== Segment start ==
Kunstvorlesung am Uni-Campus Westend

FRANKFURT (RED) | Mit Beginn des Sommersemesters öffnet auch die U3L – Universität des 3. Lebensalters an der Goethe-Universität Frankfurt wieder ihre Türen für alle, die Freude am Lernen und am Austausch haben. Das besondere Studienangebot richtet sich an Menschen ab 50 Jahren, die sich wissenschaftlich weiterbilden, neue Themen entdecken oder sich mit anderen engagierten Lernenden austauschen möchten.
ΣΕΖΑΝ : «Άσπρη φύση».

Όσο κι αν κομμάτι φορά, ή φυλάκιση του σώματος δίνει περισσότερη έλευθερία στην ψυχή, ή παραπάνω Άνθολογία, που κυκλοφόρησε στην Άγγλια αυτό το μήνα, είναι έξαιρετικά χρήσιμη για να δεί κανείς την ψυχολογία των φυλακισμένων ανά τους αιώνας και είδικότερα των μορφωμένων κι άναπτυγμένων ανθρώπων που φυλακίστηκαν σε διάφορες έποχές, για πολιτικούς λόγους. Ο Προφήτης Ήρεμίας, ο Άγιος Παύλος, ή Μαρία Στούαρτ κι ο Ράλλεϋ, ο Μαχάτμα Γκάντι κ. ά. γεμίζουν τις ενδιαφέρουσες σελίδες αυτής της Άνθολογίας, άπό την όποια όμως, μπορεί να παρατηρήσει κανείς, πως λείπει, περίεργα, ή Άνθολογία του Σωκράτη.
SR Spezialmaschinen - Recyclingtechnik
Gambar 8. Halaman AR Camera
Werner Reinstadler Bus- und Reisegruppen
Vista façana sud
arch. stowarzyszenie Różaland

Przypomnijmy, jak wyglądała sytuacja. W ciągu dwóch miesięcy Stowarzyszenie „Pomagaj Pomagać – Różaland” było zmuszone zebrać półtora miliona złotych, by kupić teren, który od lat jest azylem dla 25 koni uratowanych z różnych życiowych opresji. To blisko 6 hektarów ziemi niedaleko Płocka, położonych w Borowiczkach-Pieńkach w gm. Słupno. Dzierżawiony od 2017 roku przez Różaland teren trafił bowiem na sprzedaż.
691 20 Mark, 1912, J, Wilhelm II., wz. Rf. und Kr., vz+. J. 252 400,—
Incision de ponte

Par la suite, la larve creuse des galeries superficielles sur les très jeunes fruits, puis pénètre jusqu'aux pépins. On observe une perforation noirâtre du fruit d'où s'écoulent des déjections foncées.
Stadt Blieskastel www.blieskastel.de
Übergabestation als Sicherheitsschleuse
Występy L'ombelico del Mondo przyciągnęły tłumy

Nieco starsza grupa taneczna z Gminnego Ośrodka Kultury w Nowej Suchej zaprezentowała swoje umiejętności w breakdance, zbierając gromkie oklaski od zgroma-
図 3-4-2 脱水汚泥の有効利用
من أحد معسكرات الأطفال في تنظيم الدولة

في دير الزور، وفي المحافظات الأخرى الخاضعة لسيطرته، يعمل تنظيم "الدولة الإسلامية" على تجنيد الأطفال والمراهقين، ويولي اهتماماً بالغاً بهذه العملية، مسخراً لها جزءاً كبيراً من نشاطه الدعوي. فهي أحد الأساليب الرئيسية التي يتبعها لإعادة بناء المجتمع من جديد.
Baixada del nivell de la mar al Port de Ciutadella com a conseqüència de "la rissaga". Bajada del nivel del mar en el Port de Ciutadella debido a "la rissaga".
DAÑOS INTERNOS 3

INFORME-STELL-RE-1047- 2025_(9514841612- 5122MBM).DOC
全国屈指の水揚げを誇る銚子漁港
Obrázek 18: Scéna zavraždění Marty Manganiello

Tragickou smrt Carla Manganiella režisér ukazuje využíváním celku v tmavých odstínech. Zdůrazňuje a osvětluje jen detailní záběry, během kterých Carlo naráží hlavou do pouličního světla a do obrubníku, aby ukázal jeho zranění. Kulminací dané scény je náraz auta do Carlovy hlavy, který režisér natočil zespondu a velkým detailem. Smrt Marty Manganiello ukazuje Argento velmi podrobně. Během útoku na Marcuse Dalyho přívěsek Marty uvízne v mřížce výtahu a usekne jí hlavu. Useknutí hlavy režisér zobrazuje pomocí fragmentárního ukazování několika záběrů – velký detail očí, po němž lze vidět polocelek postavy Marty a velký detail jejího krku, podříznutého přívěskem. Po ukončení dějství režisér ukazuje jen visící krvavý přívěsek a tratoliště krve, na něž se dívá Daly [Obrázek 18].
== Segment end ==
Each line in the listing above from the one containing "Vista façana sud" through the one containing "Obrázek 18: Scéna" should be repeated exactly, and no other line.

_EXPECTED ANSWER_
Vista façana sud
arch. stowarzyszenie Różaland

Przypomnijmy, jak wyglądała sytuacja. W ciągu dwóch miesięcy Stowarzyszenie „Pomagaj Pomagać – Różaland” było zmuszone zebrać półtora miliona złotych, by kupić teren, który od lat jest azylem dla 25 koni uratowanych z różnych życiowych opresji. To blisko 6 hektarów ziemi niedaleko Płocka, położonych w Borowiczkach-Pieńkach w gm. Słupno. Dzierżawiony od 2017 roku przez Różaland teren trafił bowiem na sprzedaż.
691 20 Mark, 1912, J, Wilhelm II., wz. Rf. und Kr., vz+. J. 252 400,—
Incision de ponte

Par la suite, la larve creuse des galeries superficielles sur les très jeunes fruits, puis pénètre jusqu'aux pépins. On observe une perforation noirâtre du fruit d'où s'écoulent des déjections foncées.
Stadt Blieskastel www.blieskastel.de
Übergabestation als Sicherheitsschleuse
Występy L'ombelico del Mondo przyciągnęły tłumy

Nieco starsza grupa taneczna z Gminnego Ośrodka Kultury w Nowej Suchej zaprezentowała swoje umiejętności w breakdance, zbierając gromkie oklaski od zgroma-
図 3-4-2 脱水汚泥の有効利用
من أحد معسكرات الأطفال في تنظيم الدولة

في دير الزور، وفي المحافظات الأخرى الخاضعة لسيطرته، يعمل تنظيم "الدولة الإسلامية" على تجنيد الأطفال والمراهقين، ويولي اهتماماً بالغاً بهذه العملية، مسخراً لها جزءاً كبيراً من نشاطه الدعوي. فهي أحد الأساليب الرئيسية التي يتبعها لإعادة بناء المجتمع من جديد.
Baixada del nivell de la mar al Port de Ciutadella com a conseqüència de "la rissaga". Bajada del nivel del mar en el Port de Ciutadella debido a "la rissaga".
DAÑOS INTERNOS 3

INFORME-STELL-RE-1047- 2025_(9514841612- 5122MBM).DOC
全国屈指の水揚げを誇る銚子漁港
Obrázek 18: Scéna zavraždění Marty Manganiello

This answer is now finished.